# Close to Critical

Author First book edition Hal Clement Paul Lehr[1] United States English Mesklin Science fiction Ballantine Books July 1964 Print (magazine, hardback and paperback) 190 (paperback) Mission of Gravity Star Light

Close to Critical is a science fiction novel by American writer Hal Clement. The novel was first serialized in three parts and published in Astounding Science Fiction magazine in 1958. Its first hardcover book publication was in July 1964.

## Setting

Revolving on an orbit about the star Altair, Tenebra is an example of one of Hal Clement's "hellworlds". 27 times the mass of Earth, Tenebra is three times Earth's diameter (38,226 kilometers; 23,746 miles) and has three times Earth's gravity at its surface (29.43 meters per second per second; 96.6 feet per second per second), which gives Tenebra an escape velocity of 33.558 kilometers per second (nearly 21 miles per second).

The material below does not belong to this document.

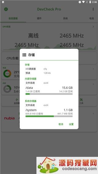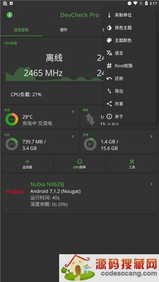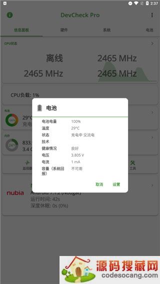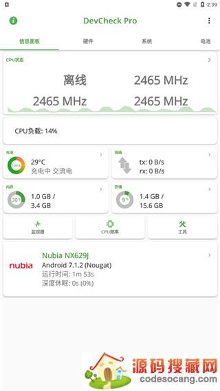 1、通过DevCheck信息面板,用户能实时监控观察手机运行状态,比如,当前CPU、GPU、电池的温度,处理器实时频率、负载情况等。

Clement also describes the planet as rotating on its axis in a little less than four Earth days.

Tenebra has an atmosphere "consisting of water heavily laced with oxygen and oxides of sulphur". At the surface the temperature comes close enough to the critical point of water (temperature = 374 Celsius; 705 Fahrenheit : pressure = 22.1 megaPascals; 217.755 atmospheres) that during the night the atmosphere begins to condense into the liquid state and falls as raindrops 9 to 15 meters (30 to 50 feet) wide. The naively expected density of the surface atmosphere stands at about 322 kilograms per cubic meter (compared to 1.2 kilograms per cubic meter at sea level on Earth). But the raindrops descend slowly, even in Tenebra's stiff gravity.

That latter statement necessitates, as Clement states in the story, that the surface pressure on Tenebra be 800 atmospheres, not 218. At 800 atmospheres of pressure the surface atmosphere, with its load of dissolved oxygen and sulphur oxides, is compressed to a density a little less than the density of liquid water (1182 kilograms per cubic meter). Only when the density of the planet's air is a little less than the density of liquid water will the raindrops descend slowly; otherwise, they would come down like meteors and make life on Tenebra impossible.

But life is possible on Tenebra. Although Clement doesn't say so explicitly, Tenebra's plants do not use photosynthesis. The optical depth of the atmosphere is too great for enough of Altair's light to reach the ground. Instead, Tenebra's plants use chemosynthesis based on the transformation of sulphur oxides. The process is much like that used by autotrophs living in and around hydrothermal vents known as black smokers at the bottom of Earth's oceans. Altair's abundant ultraviolet radiation, striking the top of Tenebra's atmosphere, restores the balance among the various sulphur oxides.

Because Tenebra's atmosphere contains large quantities of sulphur, the planet's lakes and small oceans are filled with sulphuric acid. Throughout the day-night cycle the lakes and oceans rise and fall like tides in the Bay of Fundy, due to the heavy nightly rainfall and the easy evaporation of the liquid water (its heat of vaporization stands close to zero under Tenebran conditions). The constant ebb and flow of hot, pressurized sulphuric acid weakens the planet's crust, resulting in frequent earthquakes and minor rearrangements of the landscape.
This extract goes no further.